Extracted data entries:
• • • • •

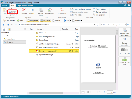 Seleccione los documentos o carpetas para mover en la Ventana de navegación o la Ventana de visualización de la lista de archivos.
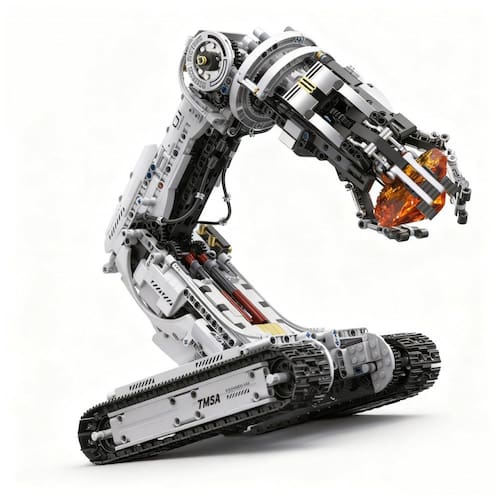 O kit Technical Tracked Robot Arm da UNCLE BRICK é um conjunto de blocos de montar com 1468 peças que permite construir um braço robótico motorizado sobre esteiras, com funções completas de locomoção e preensão. O modelo utiliza uma base tipo tanque com esteiras para movimentação para frente, para trás, giros em U e rotações laterais, além de um braço articulado que gira até 90 graus e uma garra que abre e fecha mais de 180 graus. O sistema é alimentado por caixa de bateria de íons de lítio e controlado por quatro motores M, com operação via controle remoto e também por aplicativo, tornando o modelo adequado tanto para exibição quanto para uso diário em brincadeiras de controle.
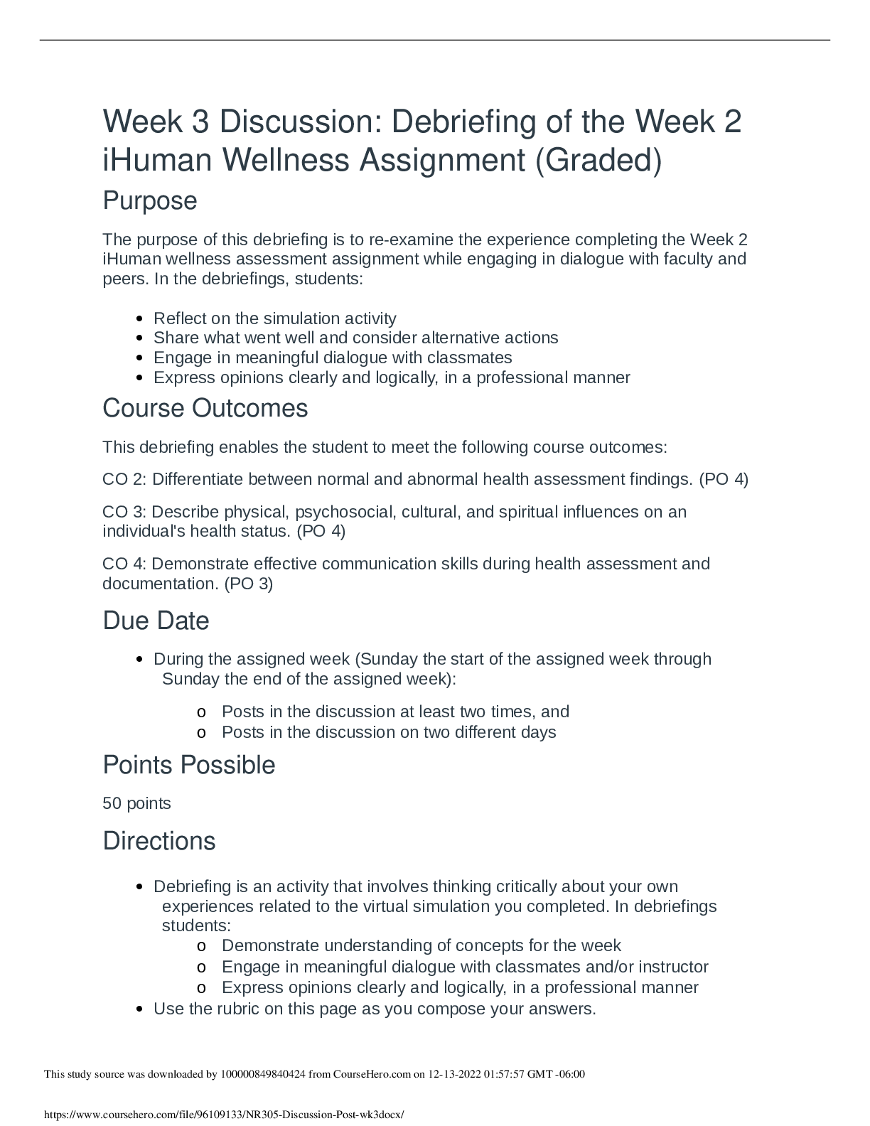 *NURSING > DISCUSSION POST > NR-305 Week 3 Discussion Question: Debriefing of the Week 2 iHuman Wellness Assignment (GRADED)
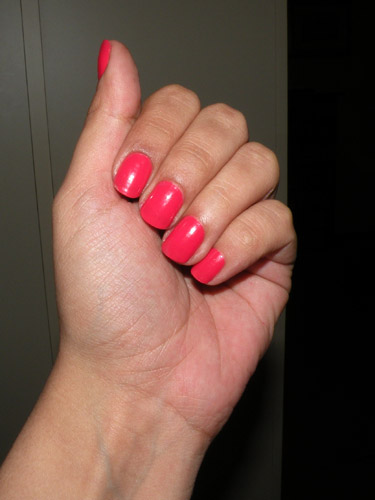 O esmalte é um coral cremoso leeeeeeeeeeendo. A Jô passou duas camadas dele e uma demão de um óleo secante da Revlon e o bichinho está digno até hoje. Amey!
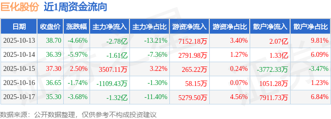 资金流向数据方面,本周巨化股份主力资金合计净流出5.47亿元,游资资金合计净流入1.55亿元,散户资金合计净流入3.92亿元。本周资金流向一览见下表:
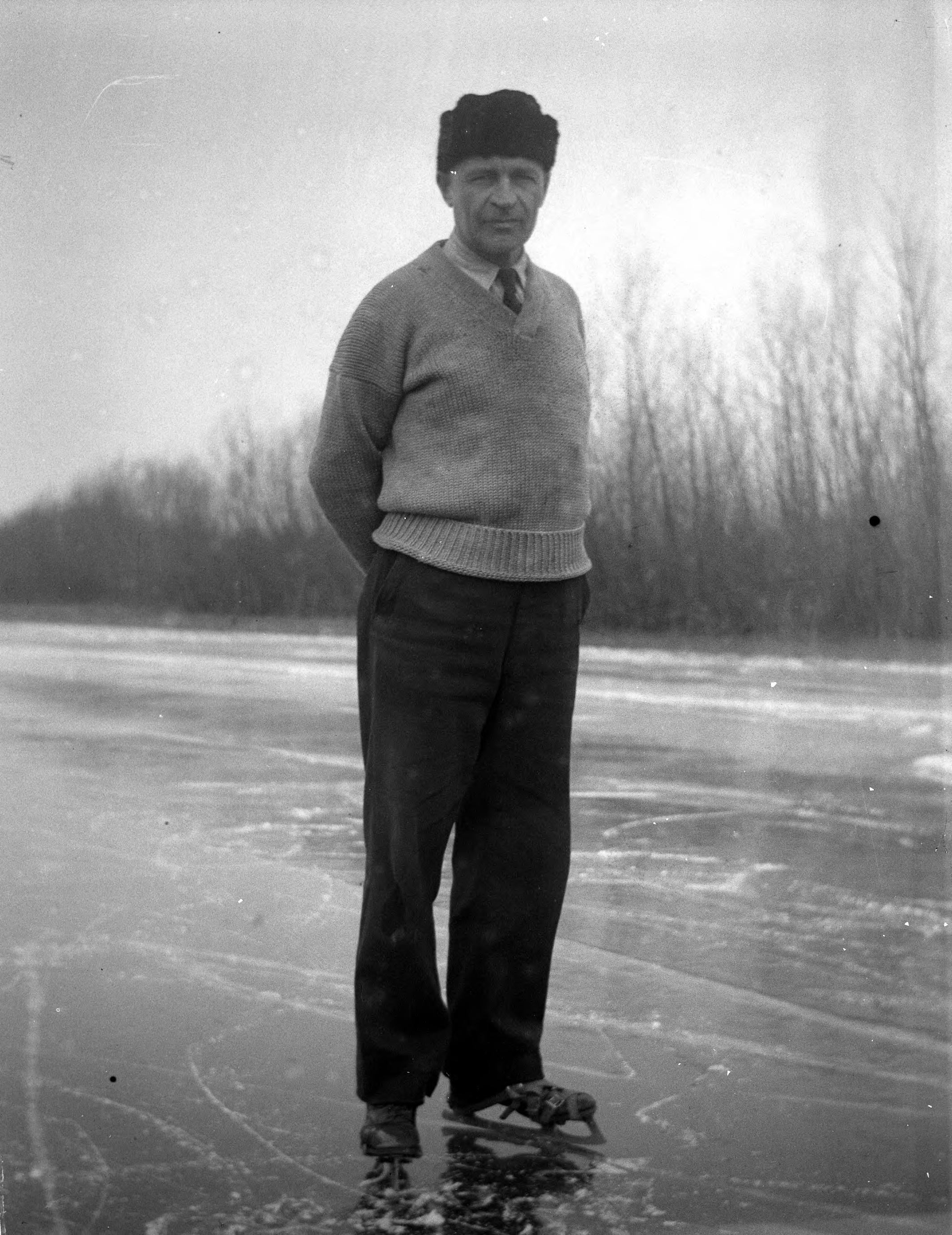 Wilbur Pelham ice skating on the Wabash River just above the bridge."" The Pelham family connection with New Harmony begins with William Pelham, 1759-1827. Born in Williamsburg, VA, he was a surgeon in the Revolutionary War. From Zanesville, Ohio, where he was postmaster and editor of the Ohio Republic, he came to join the Owen community early in 1825. His letters of this time are preserved and reflect his interest and enthusiasm in the experiment. He served as editor of the New Harmony Gazette. When he died in 1827, the community was tottering, but his belief in the ideals on which it was based never wavered." (http://workingmensinstitute.org/the-pelham-collection/) Wilbur is believed to be the great great grandson of this doctor.

• • • • •

With the pictures omitted, set down each line exactly, starting at the first line of the records above and ending with the line that contains "O kit Technical".

 Seleccione los documentos o carpetas para mover en la Ventana de navegación o la Ventana de visualización de la lista de archivos.
 O kit Technical Tracked Robot Arm da UNCLE BRICK é um conjunto de blocos de montar com 1468 peças que permite construir um braço robótico motorizado sobre esteiras, com funções completas de locomoção e preensão. O modelo utiliza uma base tipo tanque com esteiras para movimentação para frente, para trás, giros em U e rotações laterais, além de um braço articulado que gira até 90 graus e uma garra que abre e fecha mais de 180 graus. O sistema é alimentado por caixa de bateria de íons de lítio e controlado por quatro motores M, com operação via controle remoto e também por aplicativo, tornando o modelo adequado tanto para exibição quanto para uso diário em brincadeiras de controle.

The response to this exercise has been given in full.